Canadian, on hold

flagWe have been landed immigrants since we arrived in 1968, and probably would have remained so, because it was convenient, but because of more stringent regulations regarding traveling abroad we decided it was time to go through the hoops to become citizens. We paid our dues, $550.00, had our photographs taken and filled out the forms and mailed them in October and I still haven’t heard a thing. So tomorrow I will be hanging on the phone, probably all day, trying to find out if they did receive our stuff or what is the hold up. They did say that it could take up to 15 months to process but you would think they would acknowledge the receipt of the paperwork. After the 15 months then one has to wait about 3 months more for a Canadian passport. Maybe we won’t be going to Mexico next spring! It might have been quicker to get the new Landed Immigrant card and renew our British passports, but that meant renewing our Landed Immigrant status every few years which means, of course, more cost.

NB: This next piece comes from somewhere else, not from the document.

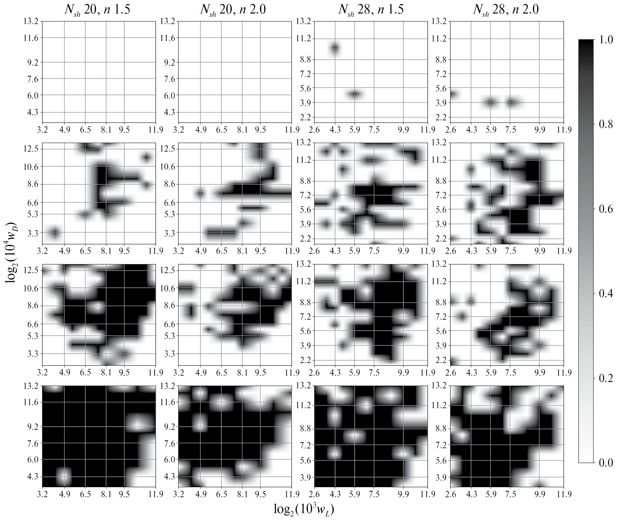 Из рис. 5 видно, что чем меньше шаг спирали, тем меньше области положительных расчетов (черный цвет). Для структуры I при Nsh = 20 отсутствуют положительные расчеты в рамках принятой обработки расчетов. Для этой же структуры при Nsh = 28 есть несколько обособленных областей положительных расчетов, которые, однако, могут являться результатом случайных выбросов в работе алгоритма.
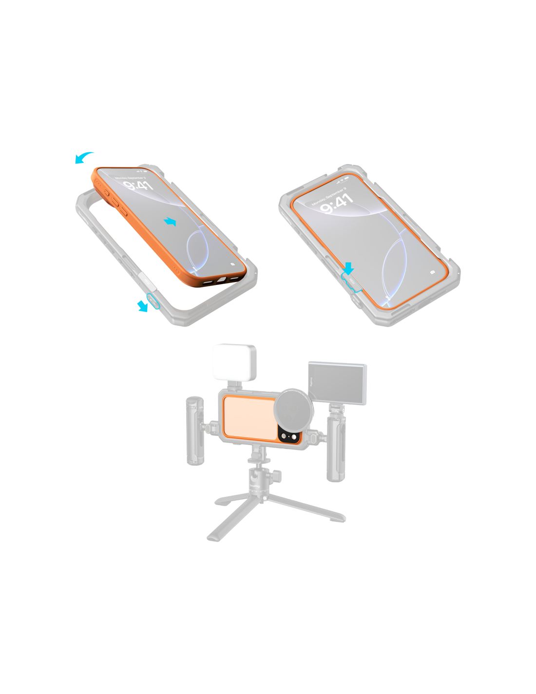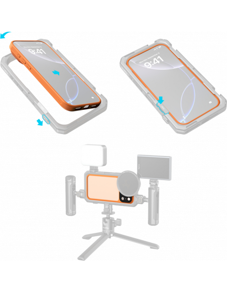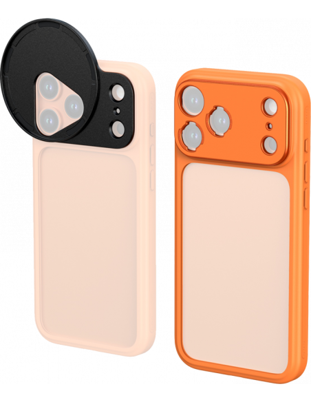 SmallRig 5792 FilMov Lightweight Photography Bumper Case til iPhone 17 Pro (Orange)Det har et bagpladesystem til objektiv med hurtig udløsning, der omfatter bagplader til T-Mount-objektiver og 67 mm filteradaptere til hurtig udskiftning af objektiver og magnetfiltre. Etuiet er lavet af blødt TPU-materiale, der giver et behageligt greb, samtidig med at det giver grundlæggende beskyttelse af telefonens hjørner og kanter.Kompatibilitet:iPhone 17 Pro Pakken indeholder:Bumper Phone CaseT-Mount Lens Backplate67mm Attachable Filter AdapterOperating Instruction.

When we came in the ’60’s the Canadian government was practically begging Brits to come here, as long as we were willing to have children, they asked that at the interview. At that time Canada was still considered by Britain to be part of the colonies and there was really no need to consider becoming a citizen. It has never been a problem until now.

My husband, a qualified scientific instrument maker, was told he would have no trouble finding work, in fact he was needed in Canada. When he arrived there were no companies in Canada doing the work he was qualified to do and he had to get a laboring job to pay the bills. He was offered a job in the States but he wanted to stay in Canada, so he changed careers and started his own painting and decorating business instead.

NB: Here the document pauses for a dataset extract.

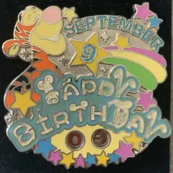 September (Tigger) is an Open Edition pin from the HKDL Character Birthday Spinners pin series. It was originally released in July, 2008 and was available from Hong Kong Disneyland .
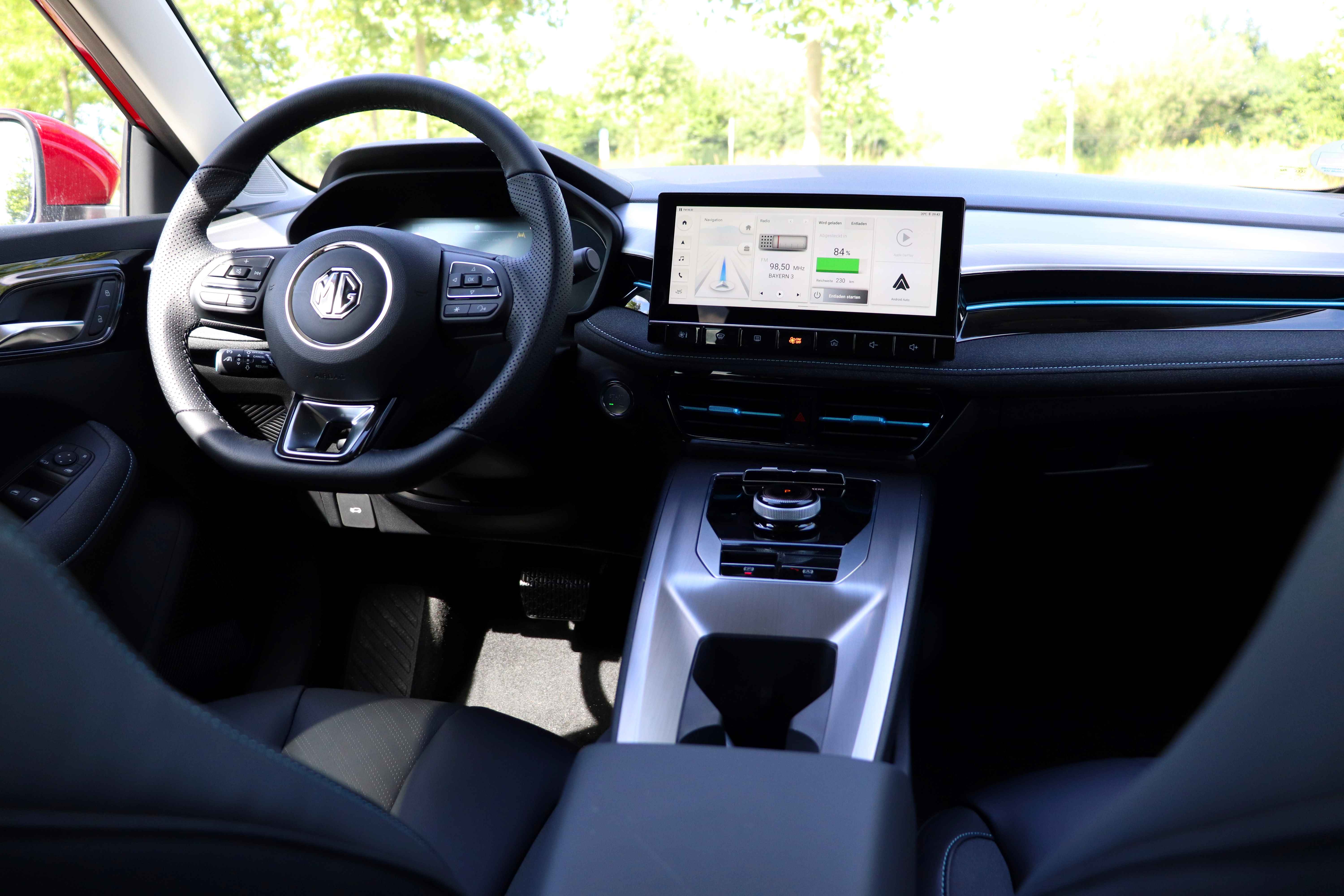 Im Innenraum ist dem MG5 das Preissegment keineswegs anzusehen. Selbst günstigere Materialien sehen optisch hervorragend aus und sind erstklassig verarbeitet. Alle Flächen, die potentiell mit den Händen in Berührung kommen, sind unterschäumt und fassen sich wertig an.

I also had difficulty getting a job because I was told I had no Canadian experience. It was not until I got annoyed at one interview and pointed out that they used IBM machines, an American company, and I spoke better English than they did so where did the Canadian experience come into it, that they hired me. Probably they thought that I would sue them for discrimination, although I don’t think we did that in those days. I did well in that company and ended up working for one of the directors. Admittedly the most difficult man in the building, he had all his previous secretaries depart in tears, but we got on like a house on fire because I would tell him off when he got bad tempered and demanding, and he would burst out laughing and do whatever I told him he should do that day. You have to face up to a bully you know.

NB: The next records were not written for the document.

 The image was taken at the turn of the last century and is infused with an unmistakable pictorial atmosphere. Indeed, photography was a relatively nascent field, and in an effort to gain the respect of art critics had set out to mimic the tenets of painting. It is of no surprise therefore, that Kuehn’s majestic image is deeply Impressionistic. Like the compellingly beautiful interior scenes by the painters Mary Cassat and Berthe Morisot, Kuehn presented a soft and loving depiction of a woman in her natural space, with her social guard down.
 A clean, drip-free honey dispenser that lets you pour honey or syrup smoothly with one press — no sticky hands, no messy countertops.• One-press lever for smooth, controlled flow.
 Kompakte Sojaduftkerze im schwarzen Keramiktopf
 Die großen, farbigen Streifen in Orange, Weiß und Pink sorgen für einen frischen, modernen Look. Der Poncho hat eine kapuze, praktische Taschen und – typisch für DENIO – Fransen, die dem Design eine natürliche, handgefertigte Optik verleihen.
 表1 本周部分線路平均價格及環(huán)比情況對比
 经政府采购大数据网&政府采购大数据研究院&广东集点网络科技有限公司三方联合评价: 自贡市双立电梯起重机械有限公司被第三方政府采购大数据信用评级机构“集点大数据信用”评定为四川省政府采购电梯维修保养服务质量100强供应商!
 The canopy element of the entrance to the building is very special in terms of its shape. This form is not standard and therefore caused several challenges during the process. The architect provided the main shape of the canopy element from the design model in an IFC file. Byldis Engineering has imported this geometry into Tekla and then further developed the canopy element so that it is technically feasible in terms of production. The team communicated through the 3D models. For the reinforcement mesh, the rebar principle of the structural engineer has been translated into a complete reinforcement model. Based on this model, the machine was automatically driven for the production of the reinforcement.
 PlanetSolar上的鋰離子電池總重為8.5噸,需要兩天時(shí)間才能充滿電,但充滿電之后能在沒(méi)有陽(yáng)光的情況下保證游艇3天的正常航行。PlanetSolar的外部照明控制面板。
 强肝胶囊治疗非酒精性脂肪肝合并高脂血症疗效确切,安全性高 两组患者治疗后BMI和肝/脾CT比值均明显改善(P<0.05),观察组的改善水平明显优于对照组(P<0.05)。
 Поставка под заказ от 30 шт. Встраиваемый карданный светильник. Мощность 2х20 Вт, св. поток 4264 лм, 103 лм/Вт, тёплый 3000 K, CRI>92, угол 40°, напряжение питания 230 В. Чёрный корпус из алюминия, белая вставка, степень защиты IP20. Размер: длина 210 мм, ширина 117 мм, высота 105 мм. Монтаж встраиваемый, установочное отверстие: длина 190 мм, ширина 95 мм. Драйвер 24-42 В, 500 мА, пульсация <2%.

Canada has been good to us and we have been good to Canada, producing five responsible Canadians plus their offspring, paying our taxes, keeping the law and acting as well as any good citizen should. You would think after all these years, forty of them, that we would be made honorary Canadians don’t you think?

5 Responses

  1. Vic Grace, we did this a few years ago and it took 10 months almost before the paper work came through and then you have to go to the swearing in ceremony and then get a passport. I really felt embarrassed that we were not Canadian, since we came in 1961 but Australia would not allow dual citizenship until 2002. We applied not long after they changed the law and eventually it all fell into place. I have no idea why it takes so long to process. It seems idiotic to me.
    Good luck with your phone call but I’ll be surprised if you get anywhere.
    Have you changed the commenting again? It used to know I was jmb1 but I had to sign in everything today.

  2. I am glad to find out that Canada is not better than France when paper work is concerned. All the civil servant can say is “Wait, I’ll see what I can do” then, after twenty minutes “You came to the wrong place, you should go to desk 12.” And when you arrive at desk 12 the girl tells you “I am closing now you’ll have to come back tomorrow!!”

    Have a good day on the phone!

    Philippe.

  3. Every once in awhile I get the urge to want to move out of the country, but then I think of the process of getting everything approved and all the paperwork that has to be filled out…just thinking of it gives me a headache.

  4. My family arrived from England in 1967…we became Canadian Citizens in the early 70’s. Because I was under 12, I was not required to attend the ceremony. My parents and brothers attended, but I had to go to school. I’ve always felt that I missed out on something very important.